The Philippines’ gross domestic product (GDP) grew year-on-year by 7.1 percent in the third quarter of 2016, driven by manufacturing, trade, and real estate, renting and other business activities, according to the Philippine Statistics Authority. This is the fastest pace in three years, beating the growth rates of 7.0 percent in the second quarter of 2016 and 6.2 percent in the third quarter of 2015.
The country’s growth exceeded China’s 6.7 percent and Vietnam’s 6.4 percent in the same period.

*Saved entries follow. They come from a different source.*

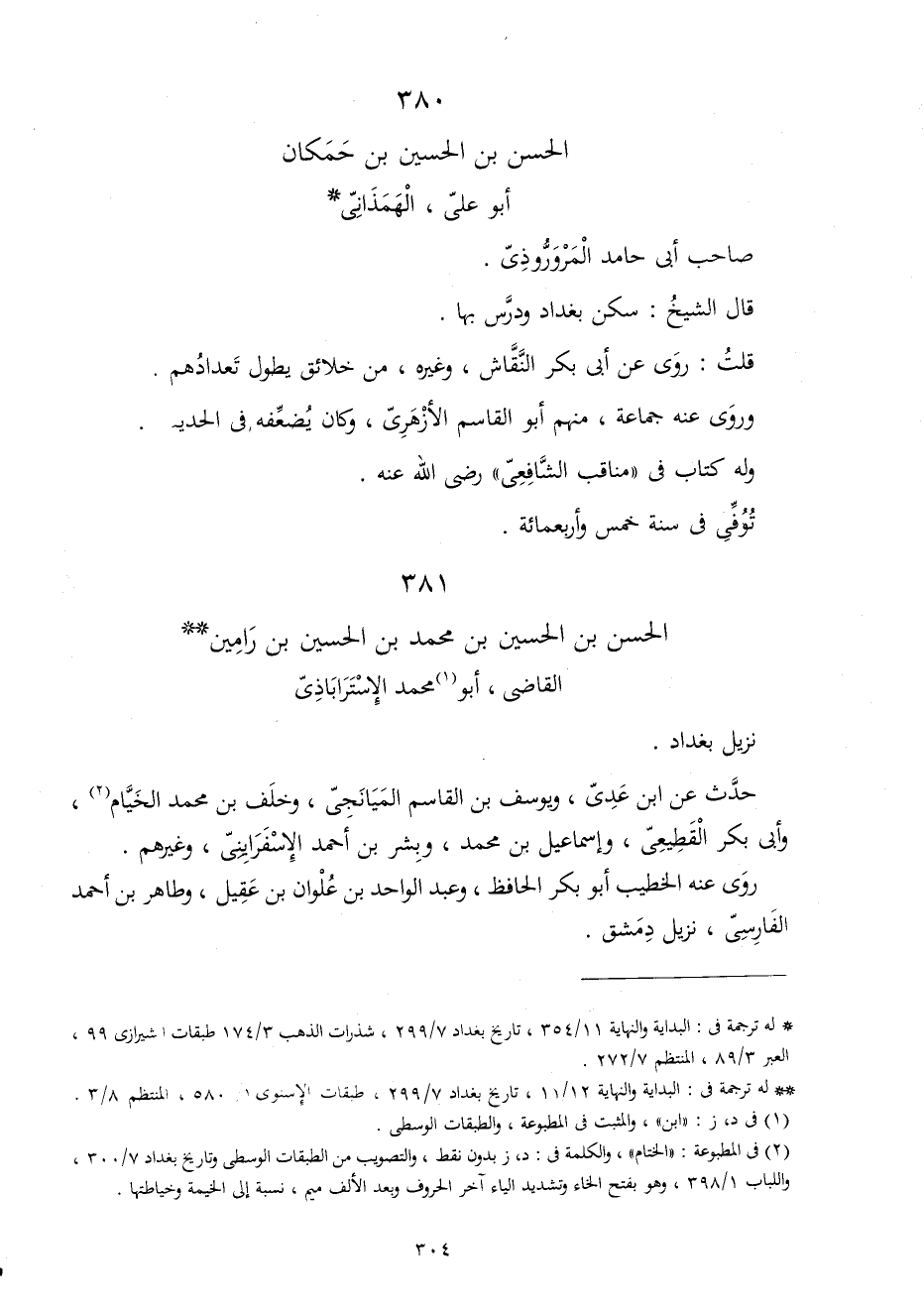 380 - الْحسن بن الْحُسَيْن بن حمكان أَبُو عَليّ الهمذاني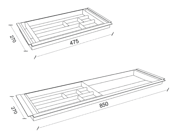 Sort metalpennebakke med udtræk, lås og plastbakke. Der medfølger to nøgler til låsen. Fås i to længder: 475 mm og 850 mm. Dimensioner: Kort: H 40 mm x L 475 mm x D 270 mm Lang: H 40 mm x L 850 mm x D 270 mm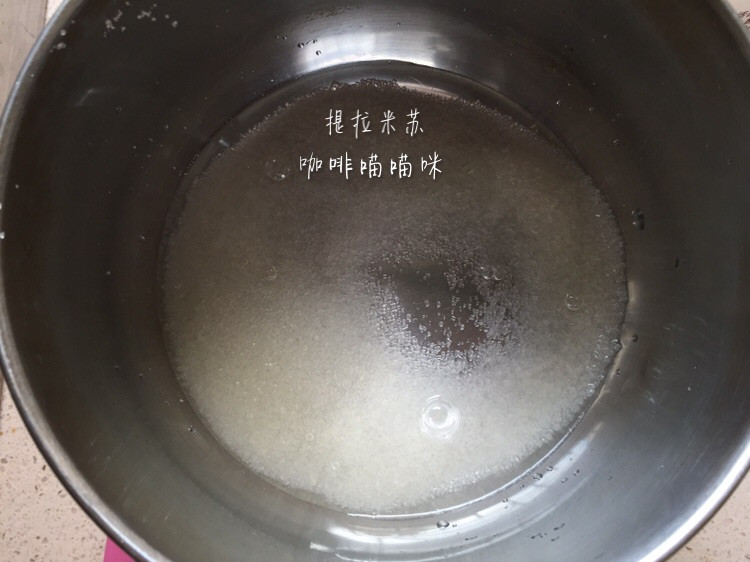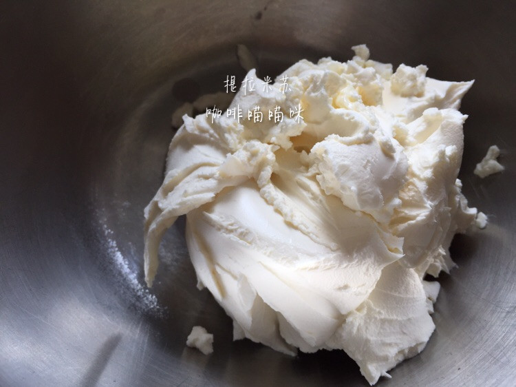 蛋黄糊与糖水混合后一定要放凉透,不然会烫坏马斯彭卡芝士和奶油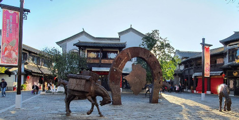 다음날, 아침 일찍 남쪽으로 8km 떨어진 윈난 민족촌을 찾아갔다. 윈난 소수민족들을 만날 수 있는 곳이었다. 윈난 성에 살고 있는 바이족, 나시족, 장족, 이족, 라후족, 모소족, 타이족 등 26개 소수 민족의 정취와 고유의 생활모습을 직접 체험할 수 있는 곳이다. 넓은 호수와 저 너머에 서산이 살짝 보이고, 키 큰 나무들이 독특한 건축물들과 어우러져 있었다. 상가가 늘어선 거리에서 소수 민족 사람들이 의례적인 무대공연을 하고 있었다. 독특한 옷차림과 행동으로 소수민족들의 춤을 보여주고 있었다. 해드 뱅뱅과 원초적이고 다양한 춤사위를 바라보니 문득 k-pop을 주도하는 아이돌 춤의 아이디어를 여기서 배울 수 있겠다는 생각이 들었다. 공연을 관람한 후 목조 5층 탑을 따라 안으로 들어갔다. 차마고도에서 티베트까지 이정표와 차를 실는 말의 조각상을 지나면, 노란색 글씨가 새겨진 박물관 입구가 나온다. 안으로 들어가면 10여 개의 마을로 구분되어 각 민족 고유의 생활과 문화를 재현하고 있다. 소수민족들이 전통의상을 입고 순박한 미소로 맞이하고 있었다.

“Philippines will remain an outperformer in the region,” said Rahul Bajoria, a senior economist at Barclays Plc in Singapore. “It is domestically driven, with consumption holding up quite well and the fiscal spending being planned. The global risks we’re seeing including to trade won’t fundamentally alter its prospects.”

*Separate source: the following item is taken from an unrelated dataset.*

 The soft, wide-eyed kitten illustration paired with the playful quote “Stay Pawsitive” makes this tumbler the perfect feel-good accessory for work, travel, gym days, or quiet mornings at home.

Among the major sectors, services posted a growth of 6.9 percent in the third quarter of 2016, power than the 7.2 percent growth in the previous year. On the other hand, industry accelerated to 8.6 percent compared with 6.1 percent in 2015. Meanwhile, after five consecutive quarters of decline, agriculture rebounded to 2.9 percent in the third quarter of 2016.

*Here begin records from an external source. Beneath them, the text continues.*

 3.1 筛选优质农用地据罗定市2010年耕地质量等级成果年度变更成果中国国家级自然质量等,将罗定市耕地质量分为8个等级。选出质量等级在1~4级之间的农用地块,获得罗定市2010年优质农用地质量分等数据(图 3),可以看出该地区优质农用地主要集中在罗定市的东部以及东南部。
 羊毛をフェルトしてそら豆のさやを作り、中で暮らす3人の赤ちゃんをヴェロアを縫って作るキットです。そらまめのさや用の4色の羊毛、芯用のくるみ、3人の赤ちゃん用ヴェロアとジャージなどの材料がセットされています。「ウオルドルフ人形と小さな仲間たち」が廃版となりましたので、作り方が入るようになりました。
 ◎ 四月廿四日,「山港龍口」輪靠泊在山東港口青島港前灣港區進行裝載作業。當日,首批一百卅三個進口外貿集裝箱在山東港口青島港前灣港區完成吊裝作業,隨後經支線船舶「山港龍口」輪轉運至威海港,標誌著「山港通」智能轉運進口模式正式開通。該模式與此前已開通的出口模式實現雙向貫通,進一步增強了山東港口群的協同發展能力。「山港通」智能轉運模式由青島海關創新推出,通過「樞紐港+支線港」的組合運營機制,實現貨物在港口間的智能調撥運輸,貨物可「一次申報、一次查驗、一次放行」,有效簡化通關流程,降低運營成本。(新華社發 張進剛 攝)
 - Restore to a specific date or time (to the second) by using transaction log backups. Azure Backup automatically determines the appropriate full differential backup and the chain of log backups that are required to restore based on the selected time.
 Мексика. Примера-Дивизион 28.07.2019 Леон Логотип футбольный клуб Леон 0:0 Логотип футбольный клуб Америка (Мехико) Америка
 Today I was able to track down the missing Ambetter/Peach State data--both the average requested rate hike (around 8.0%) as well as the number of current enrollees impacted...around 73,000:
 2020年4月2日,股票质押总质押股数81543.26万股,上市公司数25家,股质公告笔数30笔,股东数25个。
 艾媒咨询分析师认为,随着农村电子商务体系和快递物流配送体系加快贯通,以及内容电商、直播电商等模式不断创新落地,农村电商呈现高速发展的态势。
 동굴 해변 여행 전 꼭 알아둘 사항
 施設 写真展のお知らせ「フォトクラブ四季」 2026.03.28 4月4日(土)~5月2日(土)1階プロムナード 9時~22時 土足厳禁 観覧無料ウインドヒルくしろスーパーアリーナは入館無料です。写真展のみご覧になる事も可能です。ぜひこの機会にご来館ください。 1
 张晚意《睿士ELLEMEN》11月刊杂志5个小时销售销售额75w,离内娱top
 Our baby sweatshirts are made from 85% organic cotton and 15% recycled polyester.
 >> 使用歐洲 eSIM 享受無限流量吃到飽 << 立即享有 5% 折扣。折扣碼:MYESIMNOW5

In the same period last year, it declined by 0.1 percent.
Net Primary Income (NPI) slowed down to 2.5 percent in the third quarter of 2016 compared with 6.8 percent in 2015. As a result, Gross National Income (GNI) grew by 6.3 percent.
With the country’s projected population reaching 103.5 million in the third quarter of 2016, per capita GDP and per capita GNI grew by 5.3 percent and 4.6 percent, respectively. These are both higher than the respective growth of 4.4 percent and 4.5 percent in 2015.